This March, the University of Michigan Libraries and the National Commission on Libraries and Information Science (NCLIS) sponsored a symposium entitled "Scholarship and Libraries in Transition: A Dialogue About the Impacts of Mass Digitization Projects," dedicated to pushing public discourse on mass digitization beyond the existing adversarial debate over copyright law. The word "Google" notably absent from the symposium title, the event cast a broad conceptual net, taking into consideration the many nuanced possibilities and problems that digitization can raise for a diverse range of stakeholders - not only the publishing industry, but also librarianship, research, and public policy.
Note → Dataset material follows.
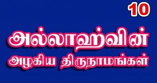 10: அல்லாஹ்வின் அழகிய திருநாமங்கள் மௌலவி பக்ரூதீன் இம்தாதி التواب அத்தவ்வாப் – மிக்க மன்னிப்பவன் اِنَّهٗ هُوَ التَّوَّابُ الرَّحِيْمُ 2:37 الفتاح அல்பத்தாஹ் – சிறந்த தீர்ப்பாளன் وَهُوَ الْـفَتَّاحُ الْعَلِيْمُ (34:26) الرءوف அர்ரஊப் – கருணையாளன் وَاَنَّ اللّٰهَ رَءُوْفٌ رَّحِيْمٌ (24:20) النور அந்நூர் – பிரகாசமாவான் اَللّٰهُ نُوْرُ السَّمٰوٰتِ وَالْاَرْضِ ( 24:35) المقيت அல்முகீத் – கண்காணிப்பவன் وَكَانَ …

The symposium presented a mix of speakers: Tim O'Reilly, Founder and CEO of O'Reilly Media, delivered the keynote address, and Clifford Lynch of the Coalition for Networked Information the closing remarks. University of Michigan President Mary Sue Coleman and Google's Adam Smith also spoke. A series of three-person panels supplemented the speakers' points with dialogues highlighting the major topic areas that large-scale digitization most greatly affects: libraries, research, publishing, economics, and public policy.

If the symposium had a failing, it was the notable lack of representation of the widely held viewpoint that the Google Library Project is both illegal and immoral, and should thus be stopped. Though this imbalance in perspective likely allowed the conversation to proceed deeper into more nuanced philosophical areas than might have been possible with a greater focus on the legal debates, at times the event seemed overly insulated from serious engagement with the perspectives of those who oppose the digitization of copyrighted materials. Whatever the symposium may have gained through the absence of the opposition, it gained at the expense of a fully rounded consideration of the issues - and, more sadly, at the expense of a valuable opportunity to try to shift entrenched positions.

Still, the symposium left me, and I suspect most participants, with a wealth of new information to consider. The speakers, panels, and question-and-answer sessions both provided fodder for golden visions of digitization's vast potential for social good and delved into a number of less-often-aired issues and problems that bear further consideration. Both of these sets of ideas help to push the discourse on mass digitization beyond the acrimonious legal squabble that has dominated the conversation to this point.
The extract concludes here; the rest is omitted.